**ACTIVITY**
Please output exactly the lines below, starting at the line that has "10. If necessary, remove" and ending at the line that has "Внутреннее оборудование шкафа", both included; leave out all pictures and include nothing else.

**RECORDS FOR THE TASK**

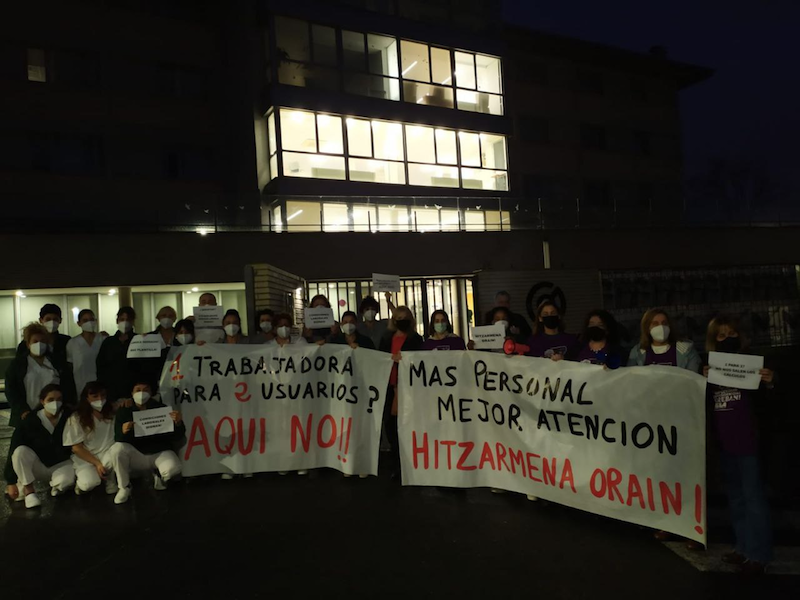 Hilaren 28rako eta azaroaren 12rako grebak deitu ditu ELA sindikatuak adinekoen egoitzetan. Horri begirako mobilizazioak egin dituzte gaur goizean.
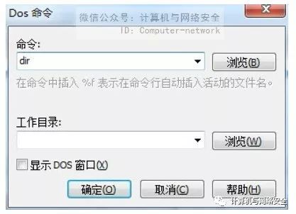 步骤10:在UltraEdit软件中还可以直接调用DOS和Windows命令。在UltraEdit主窗口中选择“高级”→“DOS命令”菜单项或按F9键,即可打开“Dos命令”对话框,如图9所示。
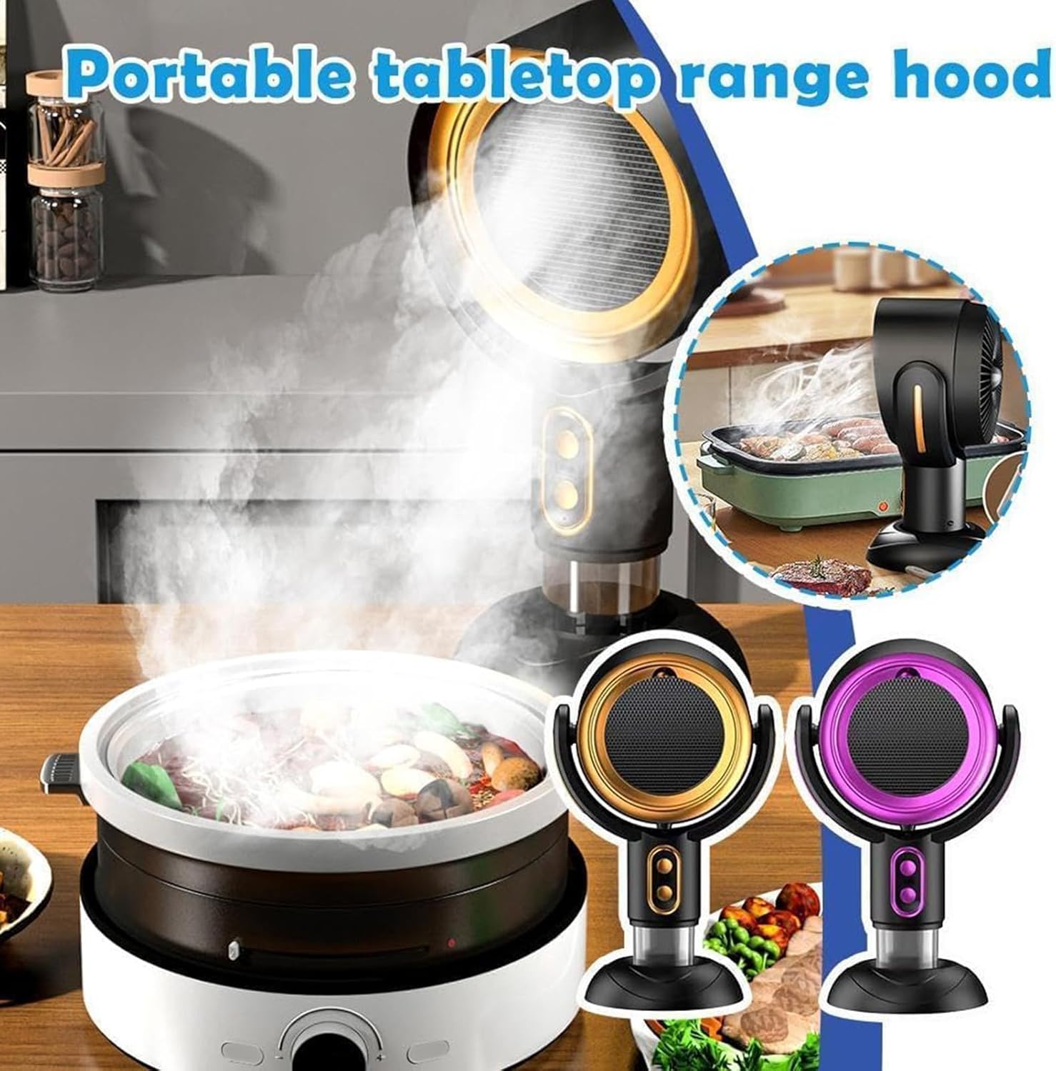Multifuntional Portable Soot Fan for Kitchens and Camping with Long Battery Life Air for Cooking and SootFeatures:powerful Soot and filtration with the ranges hood, designed to enhances indoor air through its multi layer filtrations and adjustable for in any setting.This portable ranges hood features a ABS construction, and two adjustable pressure setting, ensuring efficient Soot absorption and a modern aesthetic that complements any kitchen decors.Suitable for health individuals, home cooking people, and small apartment dwellers, this fan caters to those who prioritize cleans air and effective Soot management in living spaces.Perfect for home kitchens, open plan areas, dormitories, or even outdoor camping, the Puff Chilling Fan ensures by efficiently capturing oil droplets and odors, maintaining a freshs atmospheres wherever you are.With its low noise operations and energy efficient designs, this desktop ranges hood a seamlesses cooking allowing you to focusing on culinary creativity without the distraction of excessive noise or high energy costs.Specifications:Texture: ABSPower: 8WColor: Golden/PurplenessSize: Approx. 11.54x8.66inch(29.3x22cm)Package Includes:1x Ranges HoodNote:Please allow 1-2cm errors due to manual measurement.Due to the differences between different monitors, the picture may not reflect the actual color from the item.
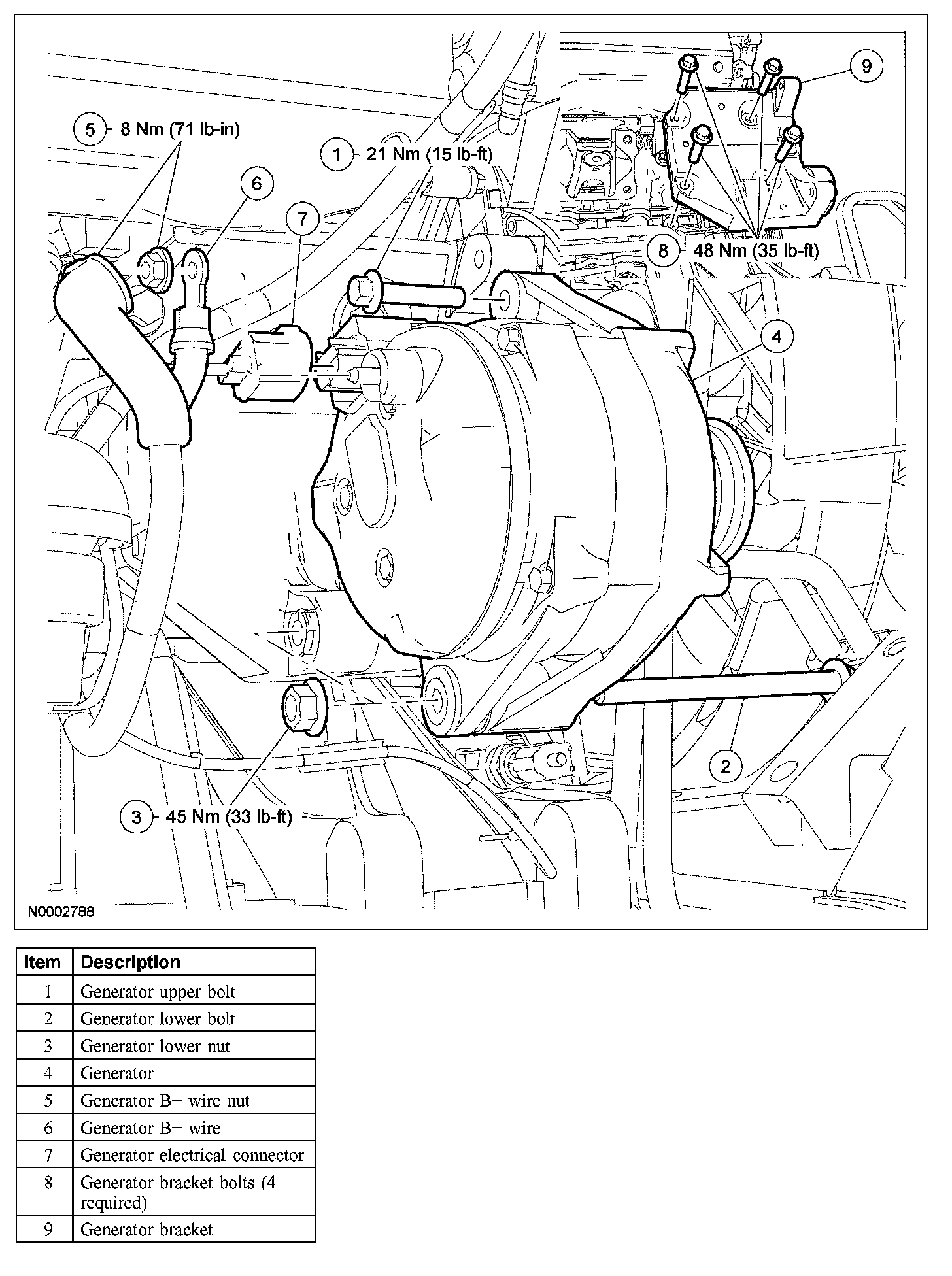 10. If necessary, remove the 4 bolts and the generator bracket.
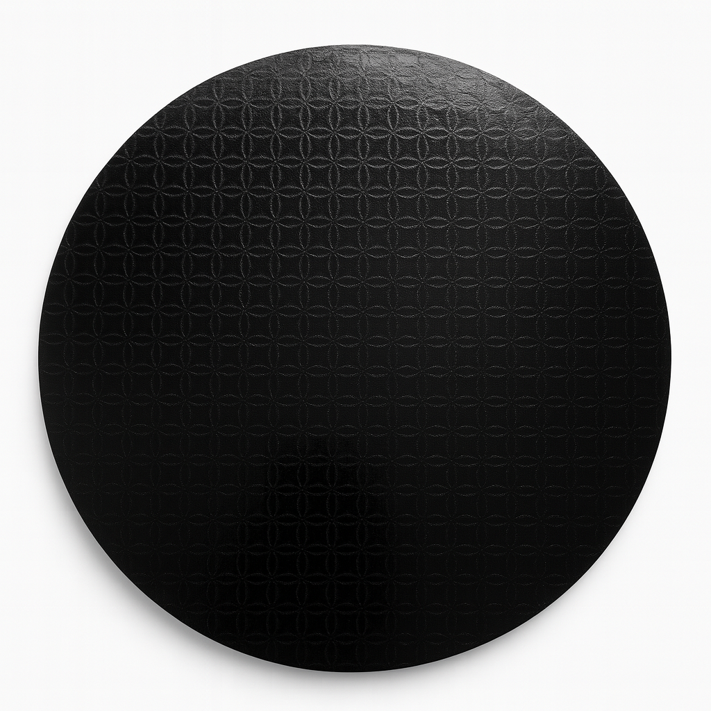 A quality cake board, 5mm thick, covered in patterned foil. So in short, a board and you put cakes on it. One inch is 2.54cm. Keep your pan size at least one inch smaller than your board size. See our portions blog post for sizing.
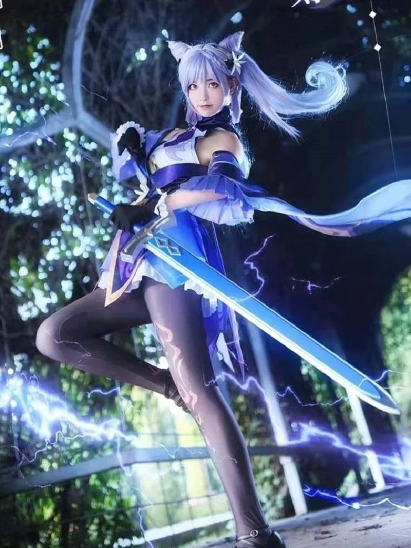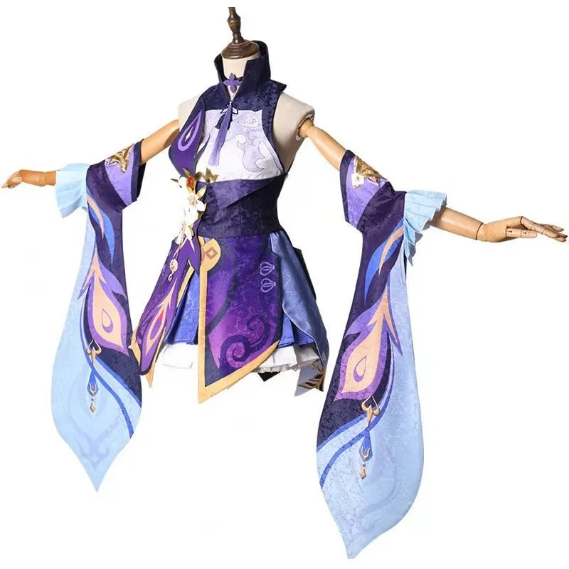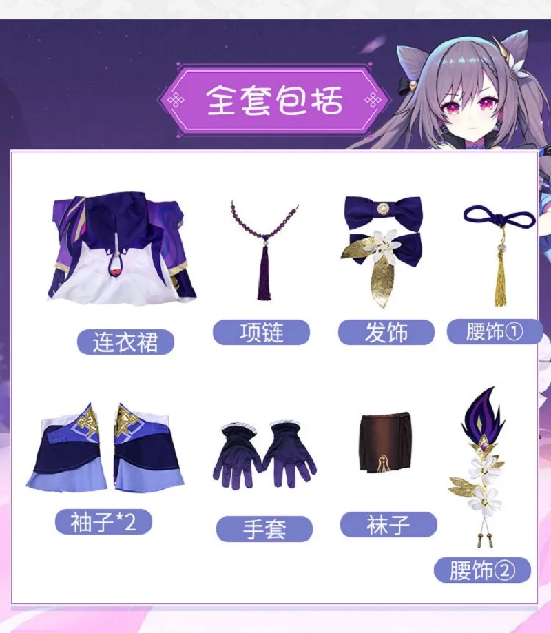 Костюм для косплея Genshin Impact Keqing, Униформа, платье, реквизит, набор аксессуаров
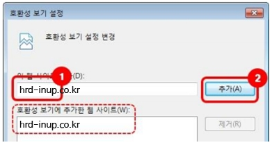 (호환성 보기에 추가한 웹 사이트에 hrd-inup.co.kr 확인)
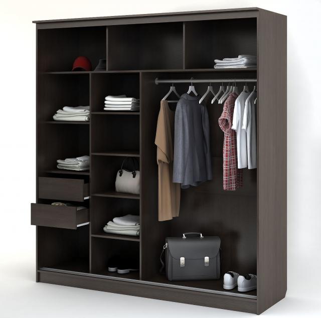 Внутреннее оборудование шкафа также порадует вас вместительностью и удобством при размещении в шкафу одежды, белья, головных уборов, обуви и прочих вещей, необходимых для жизни.
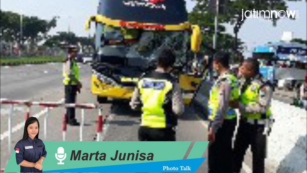 Kecelakaan itu terjadi sekitar pukul 08.00 Wib dan mengakibatkan kaca depan sebelah kiri bus pecah serta kernet bus yang bernama Jony, warga Dusun Salam, Suko, Sidoarjo, mengalami luka ringan.
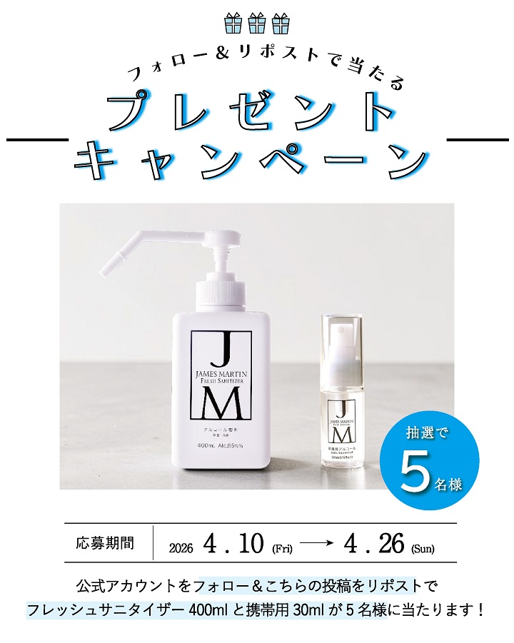 賞品:ジェームズマーティン フレッシュサニタイザー400ml&携帯用30ml(5名様)
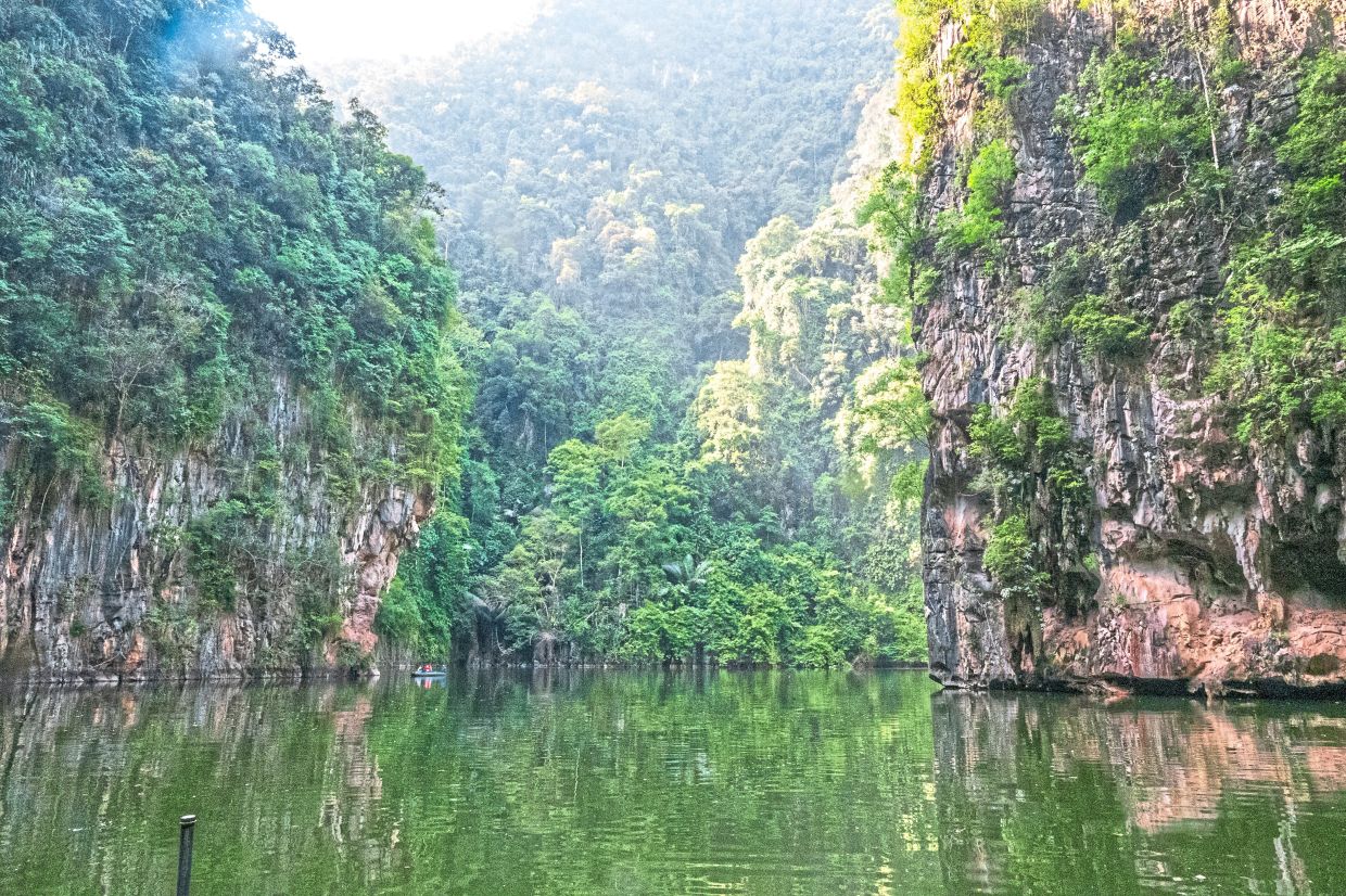 Watch the sun make its slow climb above the limestone wall, casting streaks of gold across the cliffs. Notice how vines sway in a wind you can’t feel. Count the fish – if you’re lucky – gliding just below the surface like whispers.
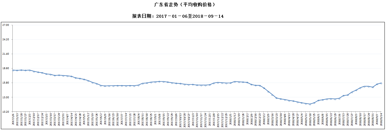 据对全省53家规模以上生猪定点屠宰样本企业监测统计,2018年9月8-14日,生猪平均收购价格为15.77元/公斤,较前一周上涨1.28%,较去年同期下降1.87%。本周较上周环比涨幅较大的地区有惠州市5.71%,汕头市4.79%,梅州市3.64%,但有5个市呈下降态势,其中东莞降幅超过4%。

**SOLUTION FOR THIS TASK**
 10. If necessary, remove the 4 bolts and the generator bracket.
 A quality cake board, 5mm thick, covered in patterned foil. So in short, a board and you put cakes on it. One inch is 2.54cm. Keep your pan size at least one inch smaller than your board size. See our portions blog post for sizing.
 Костюм для косплея Genshin Impact Keqing, Униформа, платье, реквизит, набор аксессуаров
 (호환성 보기에 추가한 웹 사이트에 hrd-inup.co.kr 확인)
 Внутреннее оборудование шкафа также порадует вас вместительностью и удобством при размещении в шкафу одежды, белья, головных уборов, обуви и прочих вещей, необходимых для жизни.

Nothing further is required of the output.